So, during this summer, I had an unique opportunity – to be a part of the team of
ninjas sysadmins at the Systems Development and Support Section at the University of Oxford as part of the IT Services Internship Programme. I was a part of the Infrastructure and Hosting team (IAH), which along with the Identity and Access Mangement team (IAM) comprise the Systems Development and Support Section. My work was supervised by Dominic Hargreaves and Dave Stewart of IAH. (That’s it, I promise there will be no more acronyms!)

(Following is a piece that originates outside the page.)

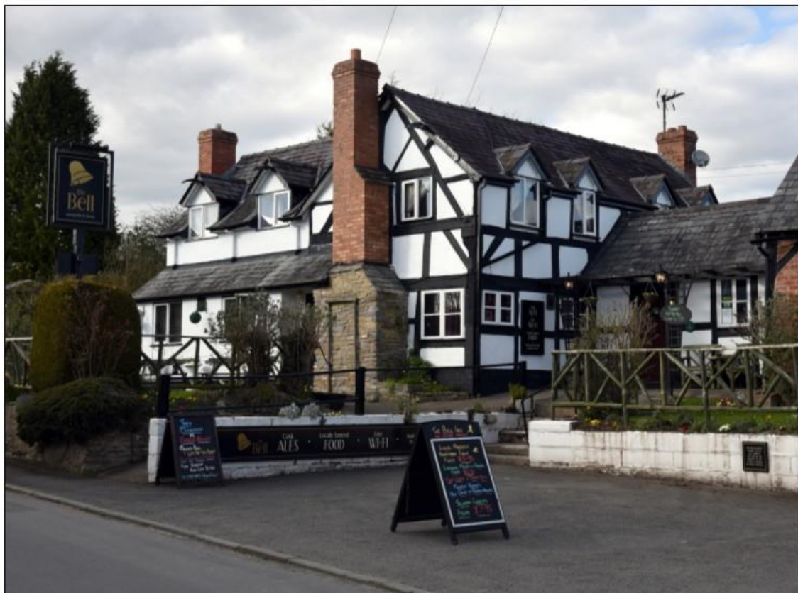
YARPOLE Bell Inn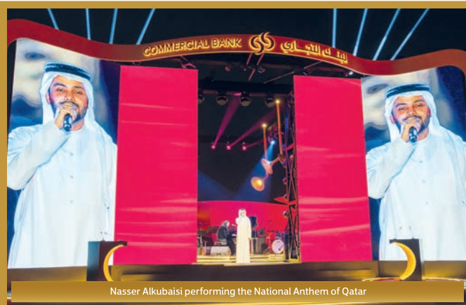
Nasser Alkubaisi performing the National Anthem of Qatar

Over a period of two months, I completed a series of miscellaneous tasks, mostly in the area of increasing efficiency in a few of the tools and writing network visualisation tools to get an overview of the topology and dependencies among the servers that the IAH team have to support and maintain.
Settling in: solving papercut bugs
The first fortnight was spent in getting accustomed to the daily tools used by the team — such as request-tracker, the ticketing system; and getting acquainted with the wiki, which serves as a knowledge base for common procedures. I fixed a few tickets, mostly trivial changes such as changing email addresses from email@example.com to firstname.lastname@example.org reflecting the change in name of the department in 2012. I also updated the documentation, adding manual pages for tools, like adding short options to a local build tool.
I also finished and deployed a website which reports on the success/failure/last updated status of the mirrors. This utility can be seen at http://mirror.ox.ac.uk/status.
Making bacman2 faster
bacman2 is the homegrown backup utility used by the IAH team to manage backups for the servers under their administrative control. It can perform rsync based filesystem backups, as well as database backups, which are done by various submodules of bacman2.
Configuration of bacman2 is done using YAML files. YAML is a human-readable format which is terser than XML and easier to read than JSON while being compatible with JSON (YAML is effectively a superset of JSON).
However the archives list of bacman2 was also kept in YAML. As the Perl YAML module is not very efficient at loading such a large YAML file (containing 300k records or more), this would cause frequent lockups as the bacman2 process blocked on updating the YAML file.
The solution was to use a proper database for this. Since the archives YAML file was not replicated and was local to only one system, it made sense to use a lightweight file-based database system like SQLite, which also has good bindings for Perl. The archives list was migrated to SQLite without any data loss.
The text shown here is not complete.